最后,回到《剑啸阁自订西楼梦传奇》。观其图,绝然是明末“山水园林”式版画的代表作(图14),较之容与堂诸曲,更见繁难;对比师俭堂各本,自觉清幽;若与《西园》《情邮》并置同观,则以气象阔大胜场。画中人凭栏远眺、倚树沉吟处,颇能读出几分《吴骚》《彩笔》的神韵。黄裳先生说“清初的版画并非不精工,制作方法继承的也是旧有的传统,但风格、面貌却是不同了。有经验的人很容易看出两者的区别”40《榆下说书》〈插图〉,第119页。。我们在与剑啸阁有关的《西楼梦》《红梅记》《焚香记》版画中,读到的都是无疑义的明末气息。多数情况下,我们是利用文献来讨论版画史上的问题,不过有时候版画所包含的图像信息,却也能反过来帮助鉴定版本,贡献于史学研究,这里关于“剑啸阁”的讨论便是一例。

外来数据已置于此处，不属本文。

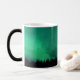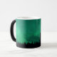 Sente-se para trás e olhe-se a aurora boreal bonita aparecer em seu copo de café como você aprecia sua bebida quente favorita. Foto original Alaska recolhido por S. Coxwell

图14 《剑啸阁自订西楼梦》,明末剑啸阁刻本,上海图书馆
袁于令入清后,得享高年,口碑却不佳(图15)。董含《三冈纪略》说他“贪污无耻,年逾七旬,强作少年态。喜纵谈闺阁事,每对客,淫言秽语,冲口而发,令人掩耳”;并谈及他的死事,“忽染异疾,觉口中奇痒,因自嚼其舌,片片而堕,不食二十余日,竟不能出一语,舌根俱尽而死”,如此触目惊心,似对其人充满怨毒,未必是写实。41[清]董含撰,《三冈纪略》,卷7,“口舌报”一条,辽宁教育出版社,2000年,第143页。吴炳,《明史》本传略云:(南明时)永历帝“擢为兵部右侍郎,从至桂林,令以本官兼东阁大学士,仍掌部事。又从至武冈。大兵至……令炳扈王太子走城步……既至,城已为大兵所据,遂被执,送衡州。炳不食,自尽于湘山寺……”42《明史》,卷279,列传167,中华书局,1974年,第7149—7150页。《小腆纪传》所述与此一致。43[清]徐鼒撰,《小腆纪传》,卷31,中华书局,2018年,第323页。可是清初以来也有不少人坚持认为吴炳是投降后自杀或病死的。44参见蒋星煜撰,〈吴炳降清后死于痢疾考〉,载《学林漫录》(十集),中华书局,1985年,第203—212页。鼎革之际,国乱纷纷,生死难测、真伪莫辨,词余一束、闲情几缕,渡尽劫波,流传于今,洵非易事。诗人无觅,莺莺犹在,隔世书香,弥漫霄壤,“飘然如挟楚云游,重得话西楼”。